Workman Partner Julian Bates calls for “more sophisticated techniques” for measuring managing agent performance in response to Property Week’s article of 7 November entitled “Property managers urged to adopt new business models”
The Property Week headline on 7 November was a striking one, reporting on data released by Remit Consulting which argues that property managers need to “do the basics better, and change the way they treat tenants if they want to remain relevant”.
As the UK’s largest independent property management and building consultancy firm, we wholeheartedly support this notion – a focus on delivering the fundamentals of property management and ensuring occupier satisfaction is at the heart of our business. Put simply, it’s what we do.
The Remit report moves on to question the due date rent collection statistics [which paint a national picture of consistent underperformance], with Steph Yates, senior consultant at Remit, commenting “this amazes us time and again. If 20% of people didn’t pay their mortgage on the due date, they could lose their house”*.

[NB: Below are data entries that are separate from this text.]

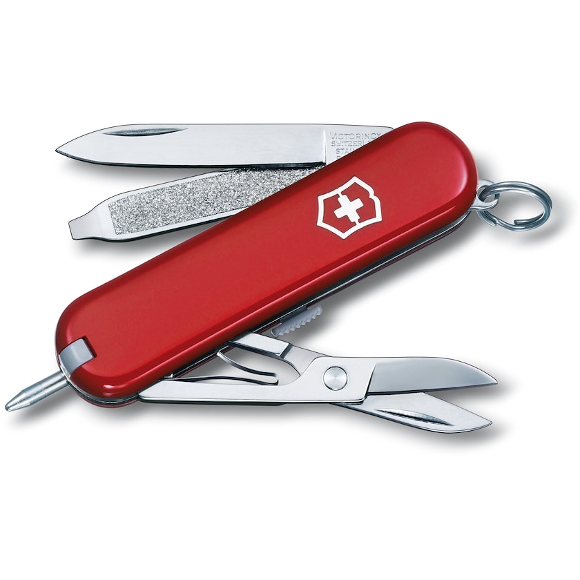 Fiksu linkkuveitsi, jossa kuulakärkikynä. Victorinox Signature -linkkuveitsessä on samat toiminnot kuin mallissa Classic, mutta tässä mallissa kynsiviila korvataan kuulakärkikynällä. Lisäksi mm. veitsi, sakset ja pinsetit.
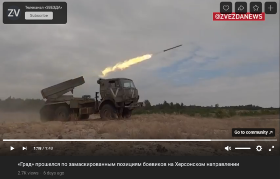 Насправді ж це звичайна брехня. 120-міліметрові міни, що випускають по Херсону росіяни, мають дальність ураження до 7 кілометрів. Цієї відстані достатньо, щоб мати змогу обстрілювати більшу частину міста. Крім того, окупанти б’ють по Херсону не лише з мінометів, а й із РСЗО, дальність якого є значно більшою. Наприклад, російський телеканал «Звєзда» у жовтні опублікував відео, на якому «Гради» обстрілюють правобережжя Херсонщини. Російські керовані авіабомби, що десятками летять на голови жителів правобережжя Херсонщини, взагалі можуть вражати цілі на відстані до 100 кілометрів. Такою бомбою, наприклад, на початку жовтня було уражено районну лікарню в місті Берислав. Окупанти досить часто самі вихваляються «точними попаданнями» по місту у своїх Telegram-каналах.
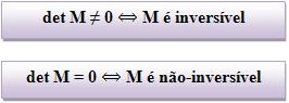 Quando det M = 0 a matriz M não admitirá a inversa, sendo assim a matriz M será denominada não-inversível.
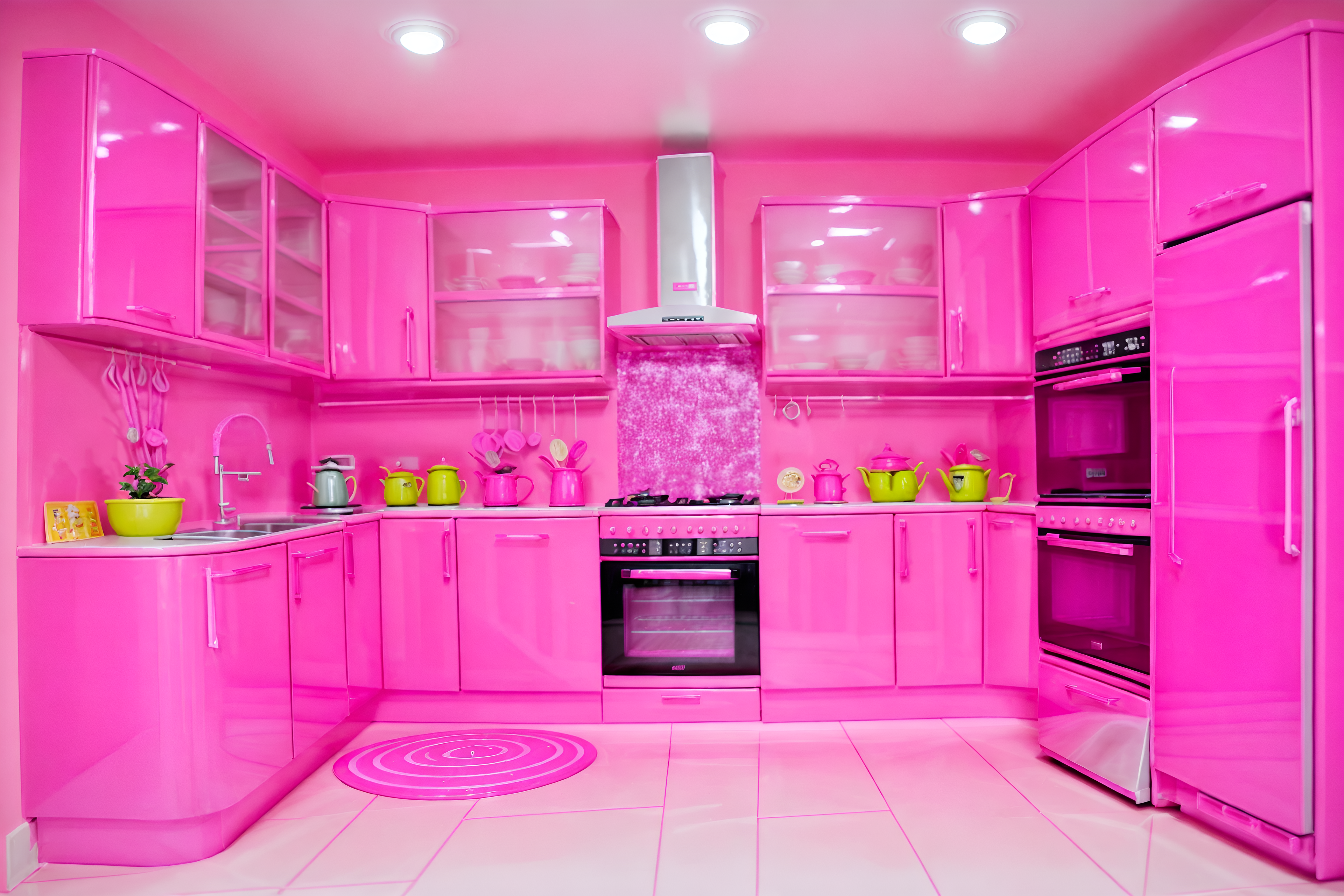 photo from pinterest of hot pink-style interior designed (kitchen interior) with kitchen cabinets and refrigerator and stove and sink and worktops and plant and kitchen cabinets. . with barbie bold rosy hues like fuchsia and magenta and hot pink barbie colors and barbie sofa and barbie plastic interior and hot pink barbie walls and barbie glitter and sparkle and barbie style interior and barbie chairs. . cinematic photo, highly detailed, cinematic lighting, ultra-detailed, ultrarealistic, photorealism, 8k. trending on pinterest. hot pink interior design style. masterpiece, cinematic light, ultrarealistic+, photorealistic+, 8k, raw photo, realistic, sharp focus on eyes, (symmetrical eyes), (intact eyes), hyperrealistic, highest quality, best quality, , highly detailed, masterpiece, best quality, extremely detailed 8k wallpaper, masterpiece, best quality, ultra-detailed, best shadow, detailed background, detailed face, detailed eyes, high contrast, best illumination, detailed face, dulux, caustic, dynamic angle, detailed glow. dramatic lighting. highly detailed, insanely detailed hair, symmetrical, intricate details, professionally retouched, 8k high definition. strong bokeh. award winning photo.
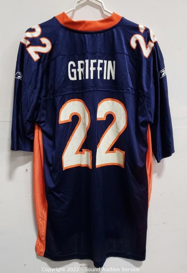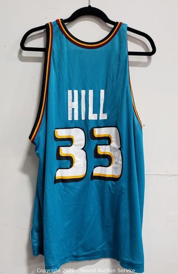 Lot Details: (2) Pistons 33 "Hill", Broncos 26 "Portis" and 22 "Griffin". All approx. size large.
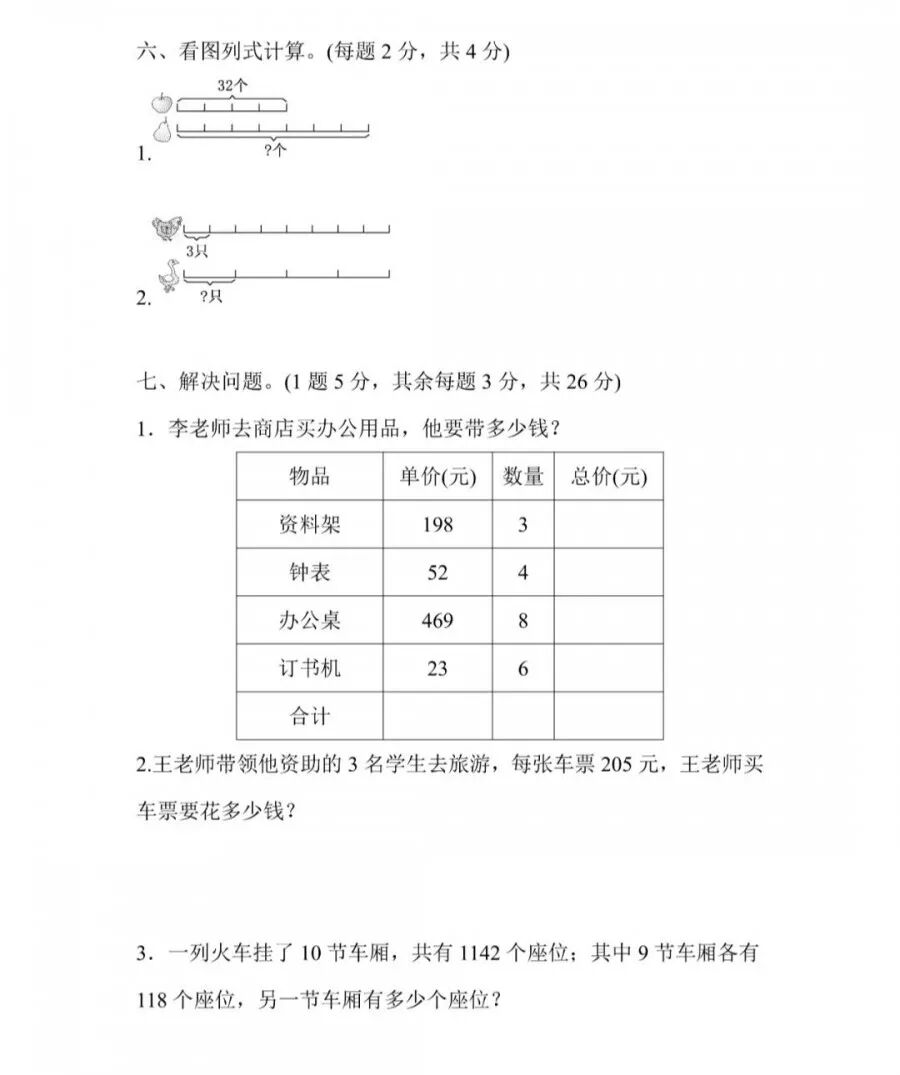 人教版数学三年级(上)第六单元试卷及答案丨可下载打印

In simple comparison terms, it’s an easy connection to make, but as Julian Bates, Partner at Workman commented in the piece, “the past few years are not the best measure of performance”*, particularly in retail, where “property managers face challenges beyond their control”*
How can landlords develop a clear picture of managing agents performance in these circumstances? Here, Julian Bates adds a bit more detail to the debate and counters that rent collection alone presents an unhelpfully narrow view.
“Rent collection statistics based on due date collection can be a useful measure for Managing Agents’ performance, but provides a very limited view of the debt profile. Historic pre quarter debt is often as useful a measure of performance particularly with the proliferation of CVA’s and service charge consultants both of which can slow down or even stop the flow of funds.
Indeed, we would counter that where industry has typically relied on due date collection as a key performance indicator, historic debt is far more relevant. Total arrears debt collection, which includes pre-quarter debt, can have a bigger impact on landlord cashflow.
Bringing historic debt down to a minimum can bring significant benefit to the landlord’s total risk profile and in recent years, we have been building up our credit control team with total arrears management in mind, reflecting the market we are operating in.
A positive and clear relationship with occupiers does demonstrably make a difference to recovery here so it is important that at all touch points the landlord’s agent is seen as good to deal with.
More sophisticated techniques need to be used as part of a suite of measures to build a clear picture of a Managing Agents’ performance, if landlords are to identify the top performers. These do not need to be overly extensive but ideally need to link back to the landlord’s own objectives thereby ensuring service is clearly aligned and performance measured.”